The current Michigan City and Schahfer generating stations are among 10 around the state with coal ash landfills that fall under the new regulations.

Most of the Indiana’s coal ash sites sit in the Lake Michigan watershed or along one of the state’s rivers.

“Coal ash contains toxic heavy metals, so when it gets wet it contaminates the water,” the Hoosier Environmental Council said.

Contaminants include molybdenum, lithium, boron, arsenic, sulfate, cobalt, antimony, radium, lead, selenium and thallium.

Residents of the town of Pines, just west of Michigan City, have been contending with coal ash contamination in their water for years.

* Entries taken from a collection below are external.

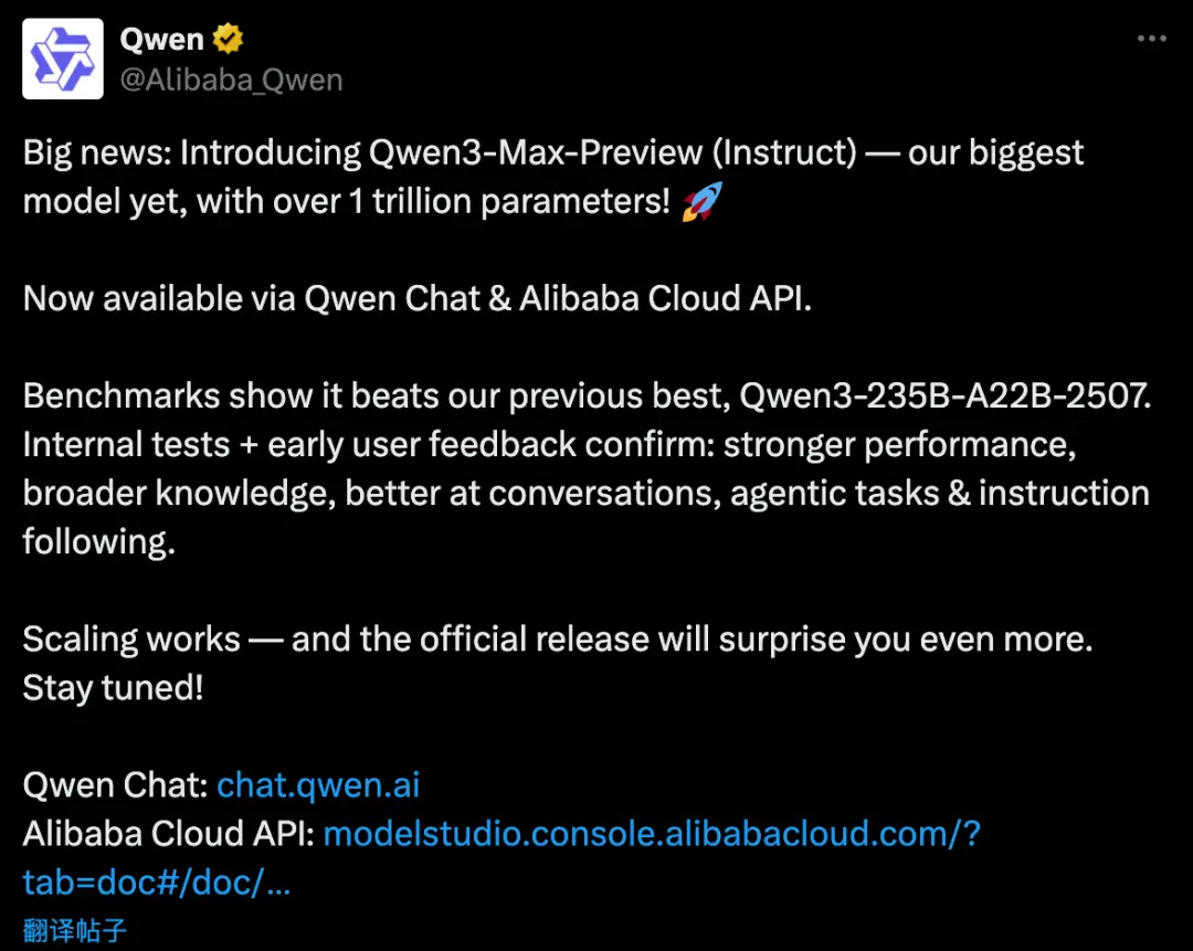 昨天Anthropic剛玩了一手“極端措施”,阿里深夜一波大的直接反手一記重拳——推出其史上最大的模型,Qwen3-Max-Preview,參數量足足超1萬億!
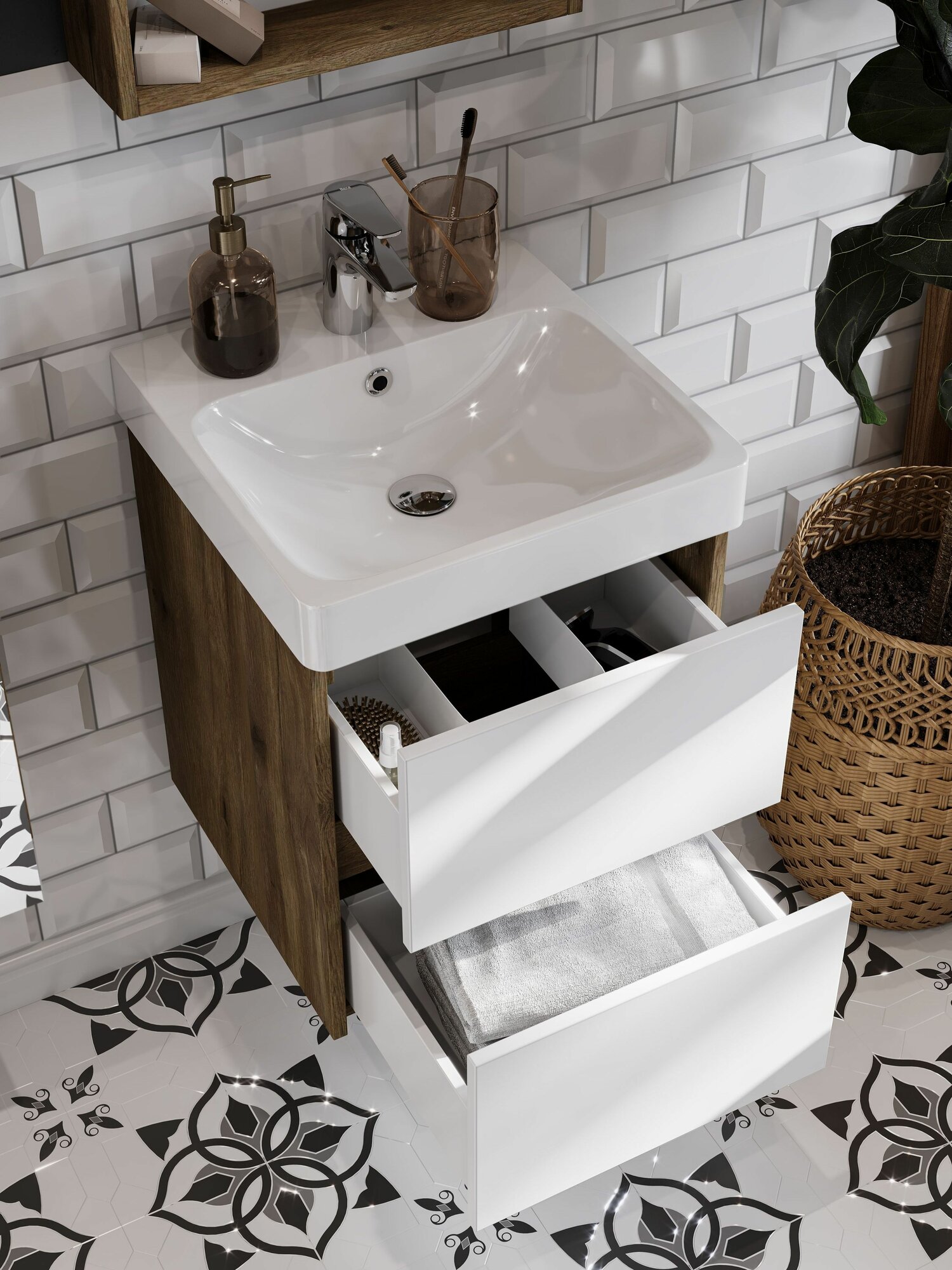 СохранитьТумба с раковиной для ванной подвесная с выдвижными ящиками AQUATON Сканди 45 белый/дуб рустикальный, раковина Адриана 45 интересное:
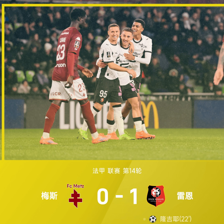 第55分钟,阿索罗越位位置接应队友直塞推射破门被判无效,无缘为主队扳平。此后双方都无力攻破对方球门,最终雷恩1-0战胜梅斯,取得四连胜。
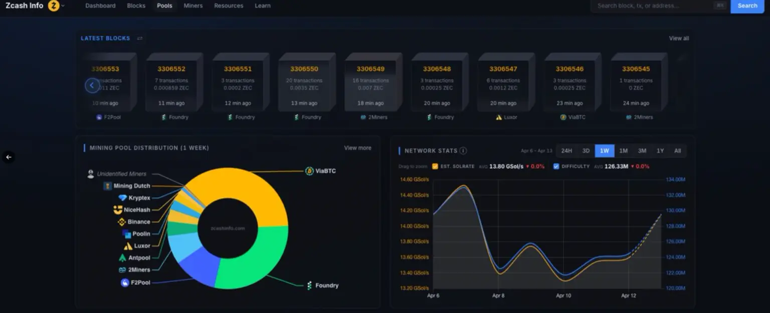 Bên cạnh việc ra mắt pool, Foundry cũng công bố ra mắt Zcashinfo.com, “một trình khám phá khối mới được xây dựng cho cộng đồng Zcash”. Trang web này được xây dựng để cung cấp cho thợ đào một điểm dừng chân duy nhất cho “xếp hạng pool theo thời gian thực, phân bổ tỷ lệ băm, dữ liệu khối, xu hướng độ khó mạng lưới,” v.v.

More than 20 years ago, residents found that their wells were contaminated by coal ash leaching from the nearby Yard 520 landfill, which had been filled with more than a million tons of NIPSCO coal ash. Coal ash also had been used as a road base in the town.

The EPA declared the area a Superfund site, which made federal money available to extend Michigan City water lines into the town.

Thomas, of Just Transition NWI, said the EPA conducted a meeting in Michigan City just last month, “reintroducing themselves to the town of Pines.”

She said 38 homes there are still waiting to get municipal water service and are relying on bottled water.

“Folks in Pines are sick and tired,” Thomas said. “It’s been a terrible situation.”

Tim Zorn is a freelance reporter for the Post-Tribune.